A caridade é o amor por Deus, amor que o próprio Deus infunde no coração. A depressão, ao contrário, é a recusa de relacionamento com o outro.
Há dois tipos de depressão: a endógena e a exógena. A endógena é devido a causas hereditárias; a exógena, a causas acidentais advenientes.
A depressão exógena pode resultar da incapacidade para lidar com decepção afetiva, dificuldades financeiras, perda do vigor físico por doença ou acidente e assim por diante. Esta é “depressão psicológica”, enquanto que a endógena (hereditária), não.
Diz-se que algo é “psicológico” quando a pessoa é livre para decidir. Se a pessoa sofre uma frustração amorosa e se deixa deprimir ao ponto de perder o comando da própria vida, é porque ela assim decidiu. A depressão endógena não deixa escolha; a psicológica, sim.
Há, pois um denominador comum entre a depressão e a caridade: a vontade livre, que pode recusar ou aceitar uma ou outra. Se a pessoa recusa a caridade, isto é, recusa o serviço em favor do outro, ela, no mesmo ato, recusa o relacionamento com o outro – ela aceita o que é o conteúdo mesmo do conceito de depressão, “recusa do contato com o outro”.

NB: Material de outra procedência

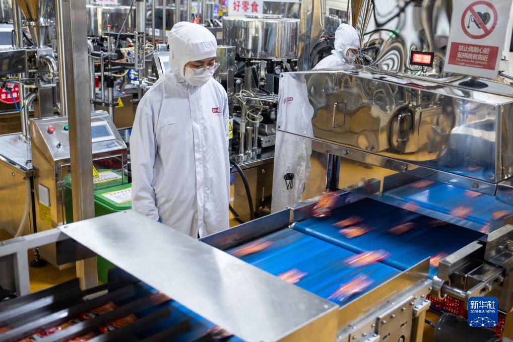 11月23日,在鹽津舖子瀏陽生産基地,成品正在通過X光機進行異物檢測。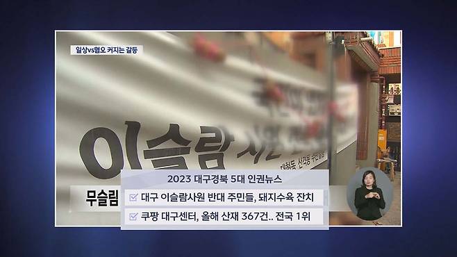 이어서 대구 북구청의 공사 중지 명령에서 비롯된 이슬람 사원 반대 주민들의 돼지머리 시위와 수육 집회. 쿠팡 대구물류센터에서 2023년 전국에서 가장 많은 367건의 산업재해 신청이 접수됐다는 뉴스가 대구·경북 5대 인권 뉴스로 선정됐습니다.

Pelo fato de a alma poder afirmar a recusa do contato com o outro, quando a pessoa sente o insuportável desta situação, vai para o extremo oposto: enxerga no outro um meio eficiente para realizar o seu interesse. É o que se chama de “mania”: a pessoa, no íntimo, não tem interesse no contato com o outro mas precisa do outro para realizar seus objetivos. Uma pessoa assim consegue euforizar as pessoas e fazê-las se comportarem de maneira irresponsável; são capazes de fazerem as pessoas tomarem decisões que ofendem ao bom-senso; são capazes de fazê-las “brigar” pelo que, na verdade, as prejudica. Este tipo de característica é visível em criadores de seitas: conseguem tornar seus seguidores tão apaixonados por sua “liderança”, envolvê-los com o seu “carisma”, que só indivíduos realmente sinceros conseguem escapar desta espécie de dominação psíquica. Infelizmente nem sempre ocorre de a maioria dos seguidores perceberem isso a tempo de evitarem grandes males para suas vidas, tanto materiais quanto espirituais.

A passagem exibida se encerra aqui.